What you give back from the listing below should be an exact copy of the lines from the one with "龙儿石公路位于四川省宜宾市叙" down to the one with "Child Intake Form: Simplify", and it should contain no pictures.
:: Entries supplied ::
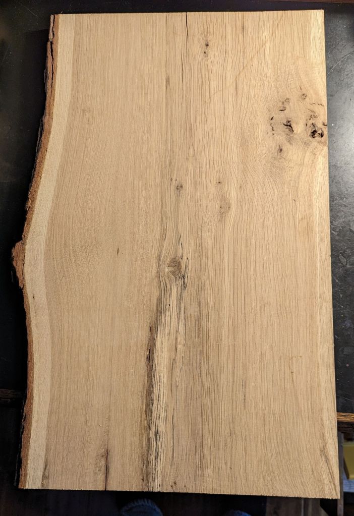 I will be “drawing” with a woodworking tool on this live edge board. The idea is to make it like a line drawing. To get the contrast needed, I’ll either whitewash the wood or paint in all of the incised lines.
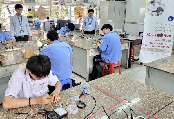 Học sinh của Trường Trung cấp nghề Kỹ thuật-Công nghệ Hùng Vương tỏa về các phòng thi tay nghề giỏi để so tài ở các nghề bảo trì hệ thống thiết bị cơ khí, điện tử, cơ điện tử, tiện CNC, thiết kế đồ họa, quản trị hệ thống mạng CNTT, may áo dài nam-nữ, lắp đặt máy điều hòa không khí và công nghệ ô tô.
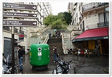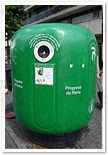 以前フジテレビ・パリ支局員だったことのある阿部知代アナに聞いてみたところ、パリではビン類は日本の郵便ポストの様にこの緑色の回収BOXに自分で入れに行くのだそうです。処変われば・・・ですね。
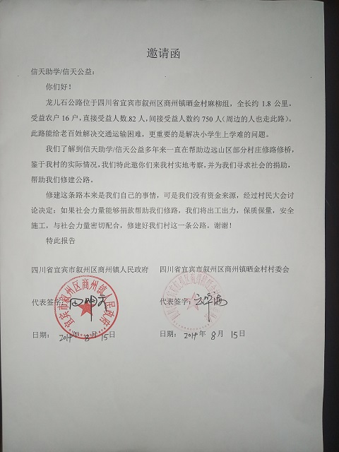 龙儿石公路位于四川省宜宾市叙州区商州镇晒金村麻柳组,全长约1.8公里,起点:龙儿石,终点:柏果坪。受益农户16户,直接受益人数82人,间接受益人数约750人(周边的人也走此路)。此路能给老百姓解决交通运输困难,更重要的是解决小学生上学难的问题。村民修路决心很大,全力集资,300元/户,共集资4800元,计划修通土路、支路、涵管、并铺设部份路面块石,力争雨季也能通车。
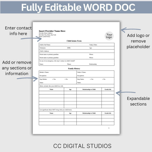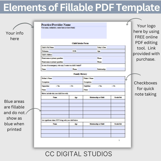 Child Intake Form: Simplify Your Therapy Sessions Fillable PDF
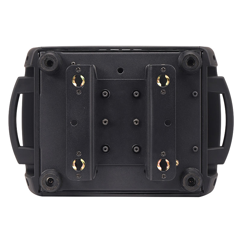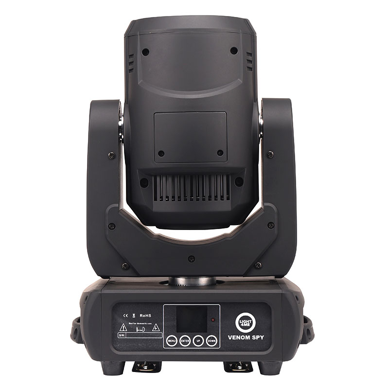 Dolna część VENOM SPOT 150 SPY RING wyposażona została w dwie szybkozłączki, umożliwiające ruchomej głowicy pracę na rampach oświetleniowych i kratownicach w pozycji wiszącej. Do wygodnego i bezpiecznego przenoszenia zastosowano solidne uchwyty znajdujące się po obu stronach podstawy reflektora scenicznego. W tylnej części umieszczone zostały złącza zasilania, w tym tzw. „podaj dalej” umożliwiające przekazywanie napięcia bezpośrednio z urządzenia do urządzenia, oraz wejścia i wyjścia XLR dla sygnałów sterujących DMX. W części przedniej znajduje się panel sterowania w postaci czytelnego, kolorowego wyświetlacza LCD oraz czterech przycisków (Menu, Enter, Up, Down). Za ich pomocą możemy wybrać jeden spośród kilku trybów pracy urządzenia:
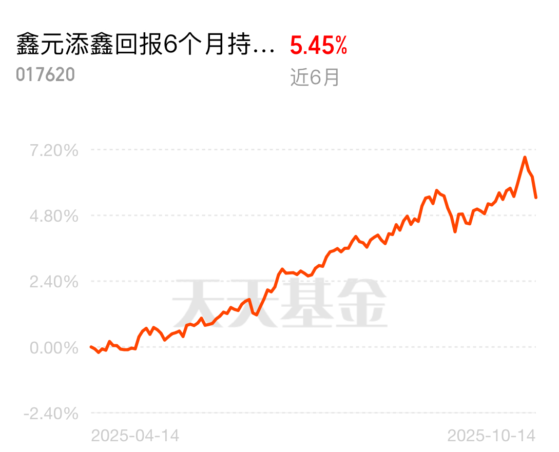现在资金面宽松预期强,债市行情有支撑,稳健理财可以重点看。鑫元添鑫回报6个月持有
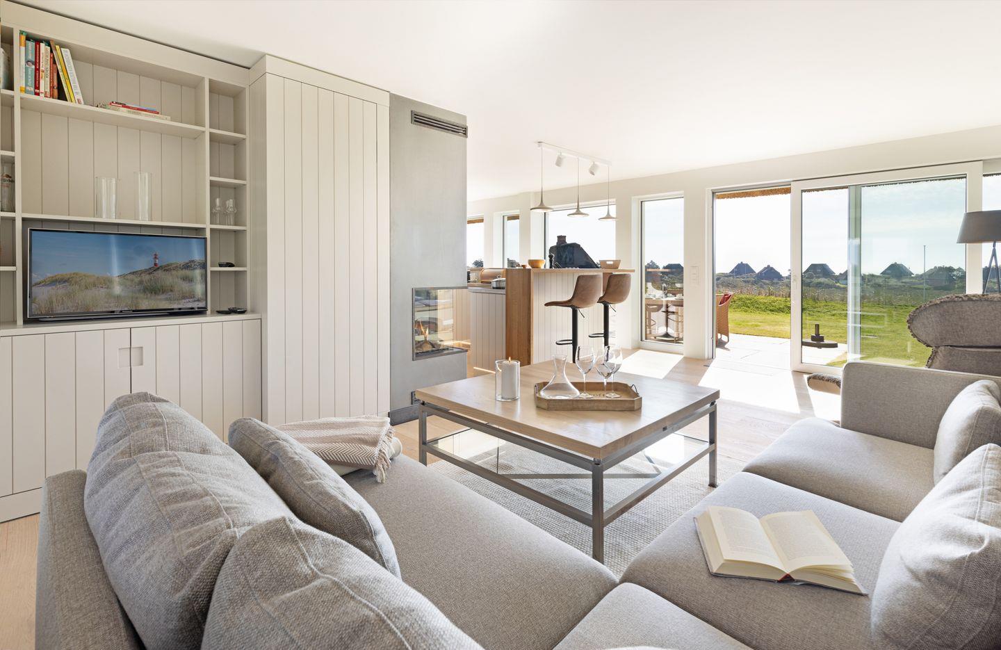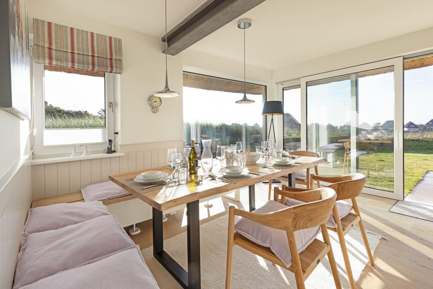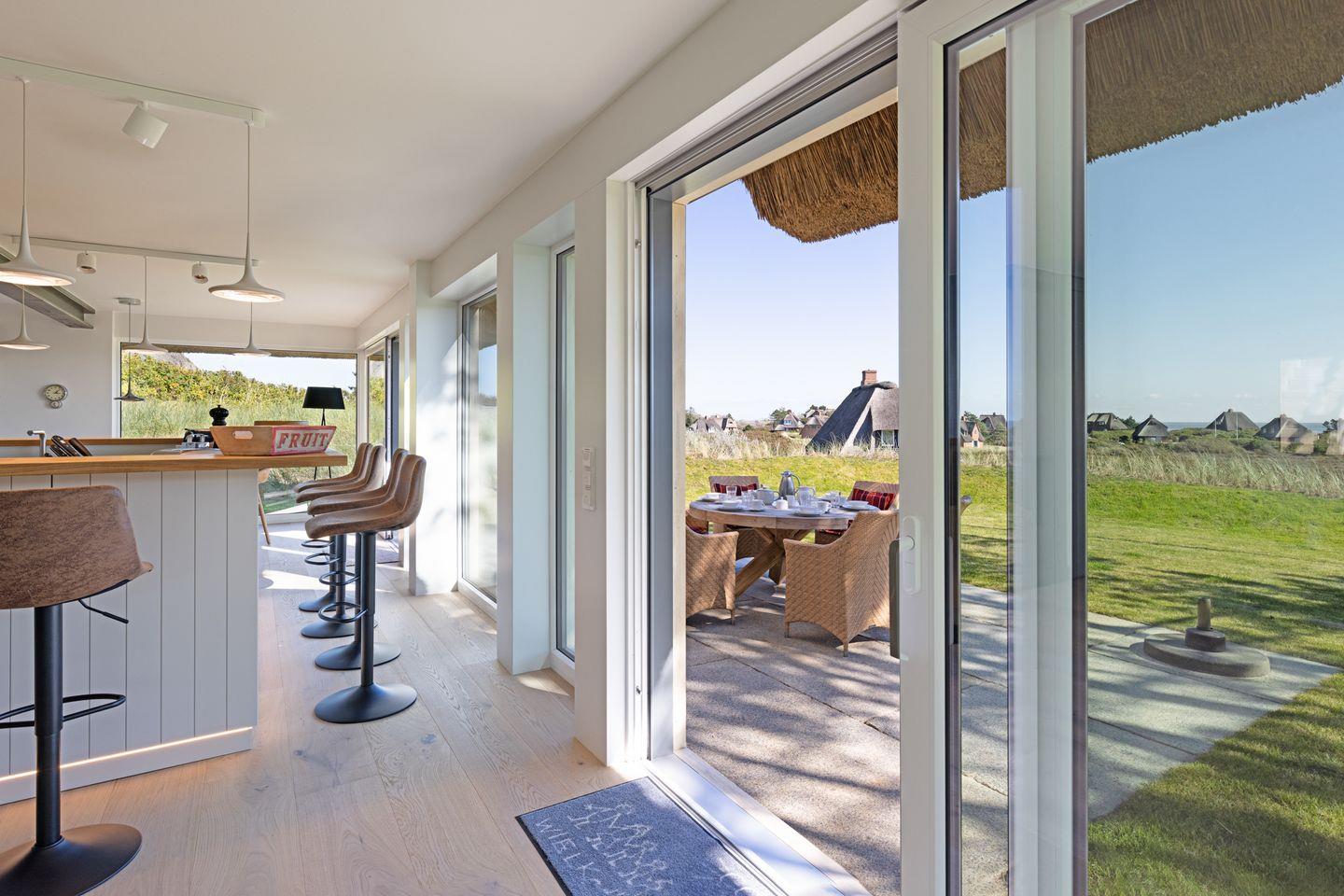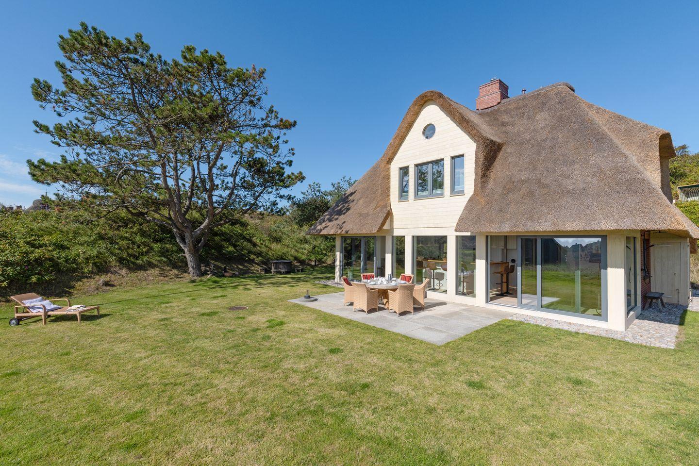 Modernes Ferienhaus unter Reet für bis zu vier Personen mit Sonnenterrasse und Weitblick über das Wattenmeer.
:::
- Answer -
 龙儿石公路位于四川省宜宾市叙州区商州镇晒金村麻柳组,全长约1.8公里,起点:龙儿石,终点:柏果坪。受益农户16户,直接受益人数82人,间接受益人数约750人(周边的人也走此路)。此路能给老百姓解决交通运输困难,更重要的是解决小学生上学难的问题。村民修路决心很大,全力集资,300元/户,共集资4800元,计划修通土路、支路、涵管、并铺设部份路面块石,力争雨季也能通车。
 Child Intake Form: Simplify Your Therapy Sessions Fillable PDF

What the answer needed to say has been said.